# WHAT TO WORK ON
Below is a set of records, and all of them should be retyped exactly, minus the pictures.

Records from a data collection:
- - -

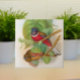 This colourful ceramic tile depicts a stunning Victorian vintage bird illustration, featuring two charming love birds (a pair of trogon birds, one red, one brown) sitting on a branch of green leaves and delicate pink flowers. Add an unexpected touch of nature to your bathroom, kitchen, or other tiled space with these lovely feathered friends. Unique, original décor and also makes a great trivet!
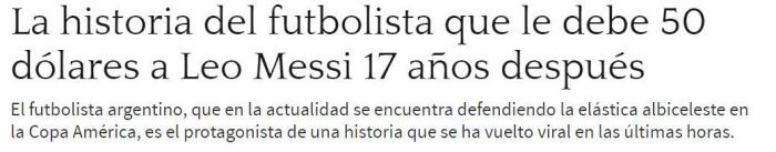 178直播讯 据西班牙媒体《阿斯报》报道,阿根廷报纸《奥莱报》出版的一本名为《梅西,不完整的天才》一书中披露,2004年梅西随阿根廷国青队参加比赛时,曾被队友阿尔瓦拉多领走了50美元的补贴,这笔钱至今没还。
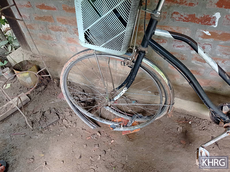 This photo was taken in August 2024 in Ch--- village, Htoo Wah Seh village tract, Ler Doh Township, Kler Lwee Htoo District. On August 8th 2024, SAC IB #264 fired 155 mm mortar rounds in Ch--- village. The shrapnel destroyed villagers’ property, including houses and other livelihood tools and means of transportation, such as a bicycle, as shown in the picture. [Photo: KHRG]
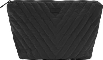 Keep your makeup and brushes organized during your next weekend getaway with this chic cosmetic pouch featuring plush channel quilting.
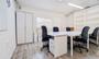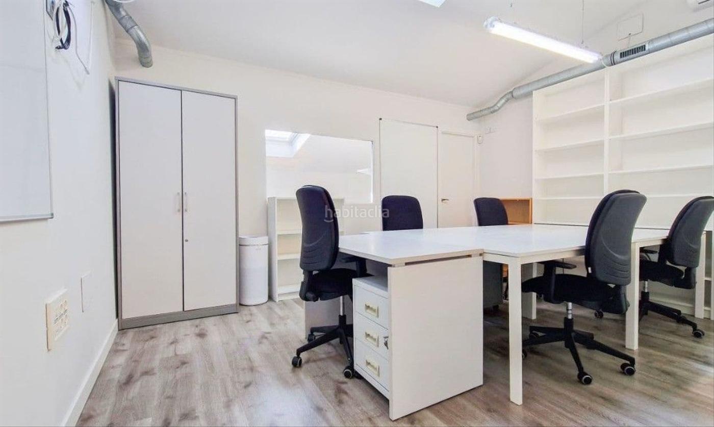 • Oficina individual (13 m²) con 2 mesas, sillas ergonómicas, pizarra y almacenamiento.
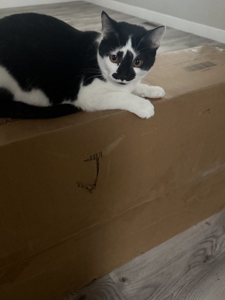 White with black spots and has orange/red/yellow eyes. He’s not wearing a collar but is microchipped. He’s extremely friendly and sweet and will most likely come to you if you have food.
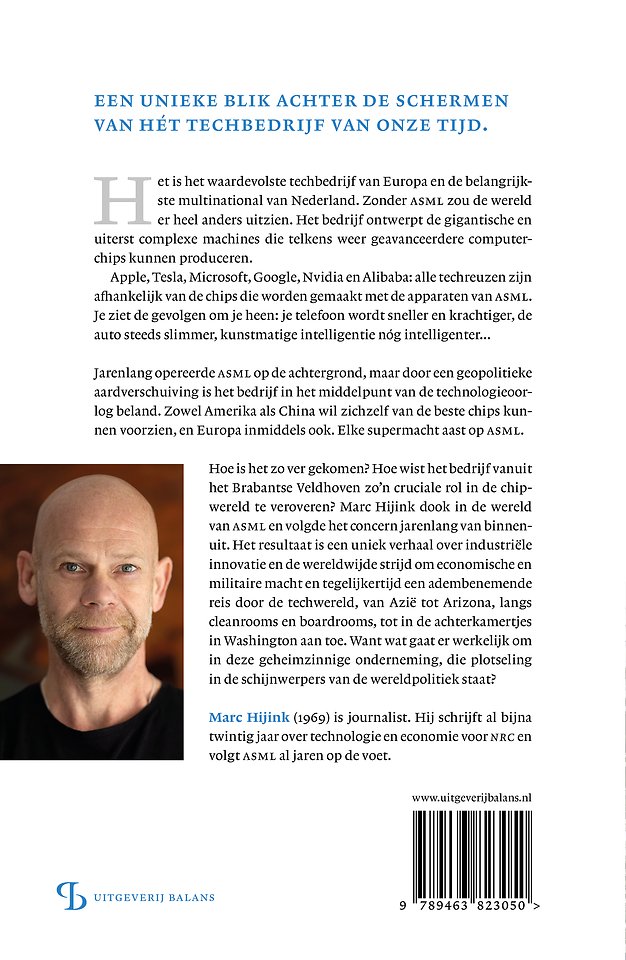 Het resultaat is een adembenemende, zeer toegankelijk geschreven reis door de techwereld, van Azië tot Arizona, langs cleanrooms en boardrooms, tot in de achterkamertjes in Washington aan toe. Naast een bijzonder inside portret van een Nederlands miljardenbedrijf is het een uniek verhaal over industriële innovatie en de wereldwijde strijd om economische en militaire macht. Want wat gaat er werkelijk om in dit geheimzinnige bedrijf, dat zich plotseling in het oog bevindt van de stormachtige wereldpolitiek?

- - -

# EXERCISE RESULT
 This colourful ceramic tile depicts a stunning Victorian vintage bird illustration, featuring two charming love birds (a pair of trogon birds, one red, one brown) sitting on a branch of green leaves and delicate pink flowers. Add an unexpected touch of nature to your bathroom, kitchen, or other tiled space with these lovely feathered friends. Unique, original décor and also makes a great trivet!
 178直播讯 据西班牙媒体《阿斯报》报道,阿根廷报纸《奥莱报》出版的一本名为《梅西,不完整的天才》一书中披露,2004年梅西随阿根廷国青队参加比赛时,曾被队友阿尔瓦拉多领走了50美元的补贴,这笔钱至今没还。
 This photo was taken in August 2024 in Ch--- village, Htoo Wah Seh village tract, Ler Doh Township, Kler Lwee Htoo District. On August 8th 2024, SAC IB #264 fired 155 mm mortar rounds in Ch--- village. The shrapnel destroyed villagers’ property, including houses and other livelihood tools and means of transportation, such as a bicycle, as shown in the picture. [Photo: KHRG]
 Keep your makeup and brushes organized during your next weekend getaway with this chic cosmetic pouch featuring plush channel quilting.
 • Oficina individual (13 m²) con 2 mesas, sillas ergonómicas, pizarra y almacenamiento.
 White with black spots and has orange/red/yellow eyes. He’s not wearing a collar but is microchipped. He’s extremely friendly and sweet and will most likely come to you if you have food.
 Het resultaat is een adembenemende, zeer toegankelijk geschreven reis door de techwereld, van Azië tot Arizona, langs cleanrooms en boardrooms, tot in de achterkamertjes in Washington aan toe. Naast een bijzonder inside portret van een Nederlands miljardenbedrijf is het een uniek verhaal over industriële innovatie en de wereldwijde strijd om economische en militaire macht. Want wat gaat er werkelijk om in dit geheimzinnige bedrijf, dat zich plotseling in het oog bevindt van de stormachtige wereldpolitiek?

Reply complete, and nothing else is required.